■ **Your objective**
In the listing below, find the line containing "自由式滑雪空中技巧,要求運動" and the line containing "Орехи нужно превратить", then copy exactly everything from the first through the second, except the pictures.

START Provided data

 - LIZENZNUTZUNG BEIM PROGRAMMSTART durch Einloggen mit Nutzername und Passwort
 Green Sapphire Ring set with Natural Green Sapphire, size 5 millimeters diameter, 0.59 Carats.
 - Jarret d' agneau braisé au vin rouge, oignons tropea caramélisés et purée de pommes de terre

END Provided data
START Provided data

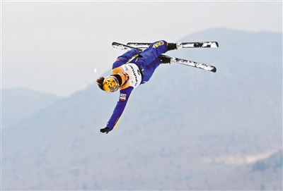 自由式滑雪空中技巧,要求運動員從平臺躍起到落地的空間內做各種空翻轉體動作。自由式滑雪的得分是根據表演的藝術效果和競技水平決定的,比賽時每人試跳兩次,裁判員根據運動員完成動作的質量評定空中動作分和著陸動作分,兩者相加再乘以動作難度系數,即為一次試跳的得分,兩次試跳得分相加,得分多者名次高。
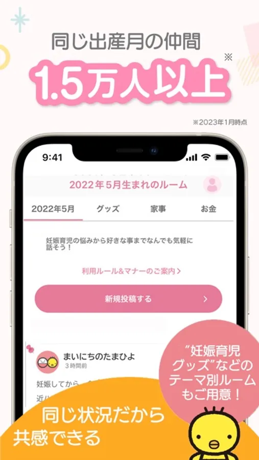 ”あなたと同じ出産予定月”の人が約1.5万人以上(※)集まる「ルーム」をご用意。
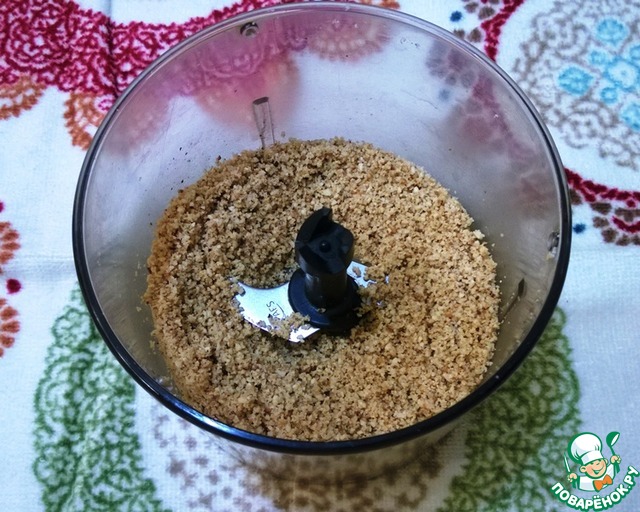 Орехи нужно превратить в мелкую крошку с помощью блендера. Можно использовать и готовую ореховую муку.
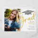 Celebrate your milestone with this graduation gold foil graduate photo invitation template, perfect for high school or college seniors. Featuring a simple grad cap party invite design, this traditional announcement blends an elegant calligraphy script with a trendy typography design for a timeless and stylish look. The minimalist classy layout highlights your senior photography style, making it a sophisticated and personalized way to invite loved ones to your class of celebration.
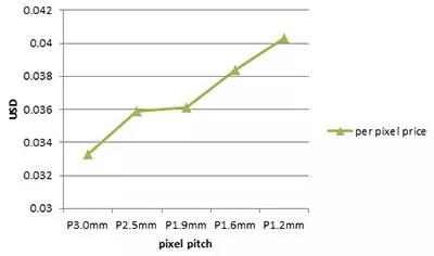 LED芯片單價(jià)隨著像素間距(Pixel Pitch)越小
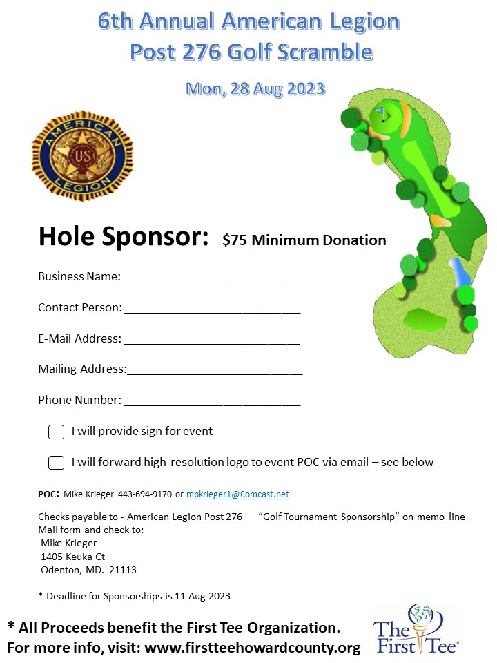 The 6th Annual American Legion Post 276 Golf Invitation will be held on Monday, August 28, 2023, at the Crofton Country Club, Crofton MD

END Provided data
START Provided data

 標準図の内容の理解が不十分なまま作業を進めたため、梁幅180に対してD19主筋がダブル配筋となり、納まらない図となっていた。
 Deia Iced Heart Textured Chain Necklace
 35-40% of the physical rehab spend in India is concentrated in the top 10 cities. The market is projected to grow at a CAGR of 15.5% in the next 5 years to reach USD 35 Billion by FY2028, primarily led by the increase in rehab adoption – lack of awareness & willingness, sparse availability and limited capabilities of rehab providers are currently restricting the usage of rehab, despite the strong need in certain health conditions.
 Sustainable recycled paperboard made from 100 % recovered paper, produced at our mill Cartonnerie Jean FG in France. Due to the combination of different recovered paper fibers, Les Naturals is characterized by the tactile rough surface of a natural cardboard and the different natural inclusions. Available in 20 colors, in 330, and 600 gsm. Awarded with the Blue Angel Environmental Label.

END Provided data

■ **Result of this task**
 自由式滑雪空中技巧,要求運動員從平臺躍起到落地的空間內做各種空翻轉體動作。自由式滑雪的得分是根據表演的藝術效果和競技水平決定的,比賽時每人試跳兩次,裁判員根據運動員完成動作的質量評定空中動作分和著陸動作分,兩者相加再乘以動作難度系數,即為一次試跳的得分,兩次試跳得分相加,得分多者名次高。
 ”あなたと同じ出産予定月”の人が約1.5万人以上(※)集まる「ルーム」をご用意。
 Орехи нужно превратить в мелкую крошку с помощью блендера. Можно использовать и готовую ореховую муку.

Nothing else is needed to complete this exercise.